Commons Defence Committee chairman Tobias Ellwood warned a Russian incursion could be "imminent" as President Vladimir Putin looked to exploit Western weakness.
"Putin is taking full advantage of a weakened West. We are looking risk-averse, somewhat timid," he told the BBC Radio 4 Today programme.
Watch: Why is Ukraine not a member of NATO?
"Putin's ultimatum demanding NATO push back, of course, that was dismissed but that's given him the pretext to say that there is an aggressor and that he must act.
"We see these combat-ready troop formations.
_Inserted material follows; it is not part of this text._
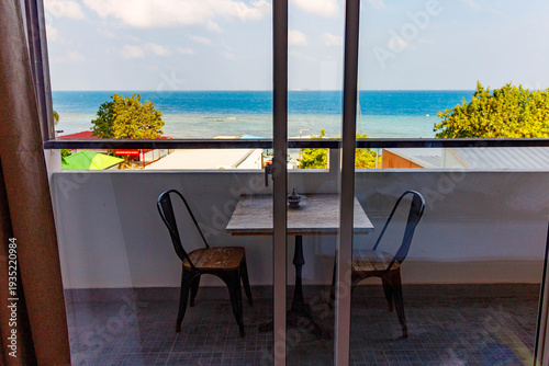 © Levon, Fototapeta premium Sunlit balcony overlooks turquoise sea

He has actually boxed himself into a corner because so much effort has been put into this.
"He also recognises that he will never again be as strong as this to take advantage of the West’s weakness. I suspect that an invasion is now imminent."
The chairman of the Foreign Affairs committee told BBC Breakfast the UK should be ready to give Ukraine financial support.
Watch: What does Russia want from NATO?
Tom Tugendhat said Ukraine needs money to be prepared for an invasion.
"I'd like to see all of us going further, because one of the things that's delaying the ability of the Ukrainian people to mobilise their armed forces to meet any such invasion is, that has a huge effect on any country's economy," he said.
"If you take hundreds of thousands of people out of the workforce in order to stand guard they will have a real impact on jobs and lives in other sectors.
"We saw that over lockdown over the last couple of years – the impact that has. So, we need to be ready to support the Ukrainian people financially as well, and that may be with loan guarantees and things like that."